**EXERCISE:** Copy out exactly, and only, the lines from the one containing "今後、ユースケースの具体化お" through the end of the entries. No pictures.

**DATASET RECORDS:**
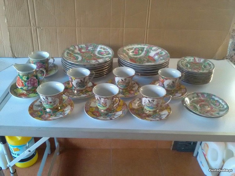 Conjunto de 41 peças de louça japonesa composta por 8 pratos rasos 6 de sopa 11 de sobremesa 6 chávenas com os respectivos pires 1chavena mais 2pires mais uma caneca pequena as flores as 6 chávenas mais os pires porcelana fina tem decoração uma japonesa
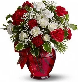 Wish someone a merry Christmas with a bunch of white and red roses and mixed seasonal flowers, decorated with greenery. Suitable for Christmas festivities.
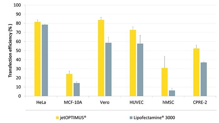 △圖1. jetOPTIMUS?有效提高難轉(zhuǎn)細(xì)胞的轉(zhuǎn)染效率。根據(jù)L3K和jetOPTIMUS?說明書要求進(jìn)行轉(zhuǎn)染,在24孔板中轉(zhuǎn)染GFP質(zhì)粒到多種細(xì)胞系,24小時后采用FACS檢測轉(zhuǎn)染效率。
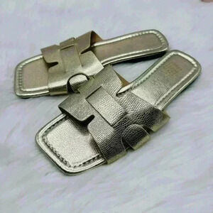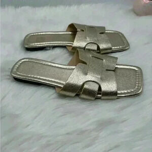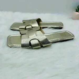 Women Gold Faux Snakeskin Embossed Slides size 7
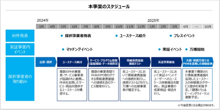 今後、ユースケースの具体化および情報連携基盤との接続を進め、2025年2月には、ユースケースを体験・評価する実証イベントを開催する予定です。また2025年4月以降には、創出されたユースケースの国民の体験機会を万博で設けることでPHRサービス利用者の拡大を目指します。
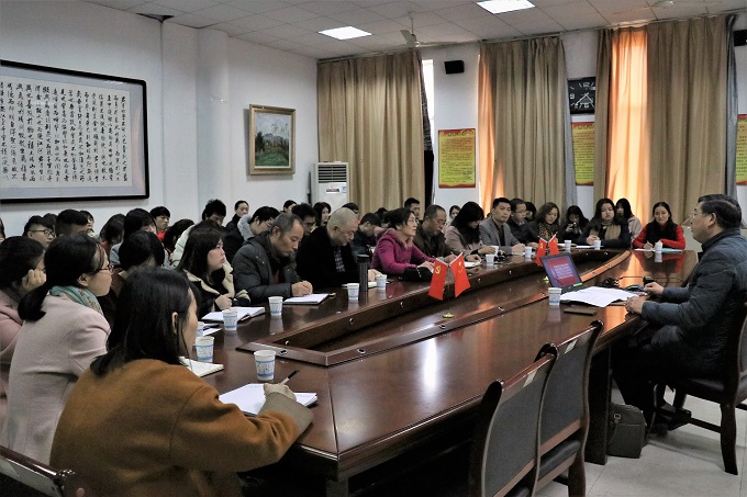12月8日下午,党委书记韦成龙应邀在开云丹青楼1106为艺术设计学院师生作了一场题为“认真学习严格遵守党章,保持共产党员的先进性和纯洁性”的党的十九大精神学习辅导报告会。艺术设计学院全体院领导、教师党员干部参与会议,学生党员、团学干部到场聆听。会议由艺术设计学院党总支书记胡嫔主持。

**ANSWER TO THE PROBLEM:**
 今後、ユースケースの具体化および情報連携基盤との接続を進め、2025年2月には、ユースケースを体験・評価する実証イベントを開催する予定です。また2025年4月以降には、創出されたユースケースの国民の体験機会を万博で設けることでPHRサービス利用者の拡大を目指します。
12月8日下午,党委书记韦成龙应邀在开云丹青楼1106为艺术设计学院师生作了一场题为“认真学习严格遵守党章,保持共产党员的先进性和纯洁性”的党的十九大精神学习辅导报告会。艺术设计学院全体院领导、教师党员干部参与会议,学生党员、团学干部到场聆听。会议由艺术设计学院党总支书记胡嫔主持。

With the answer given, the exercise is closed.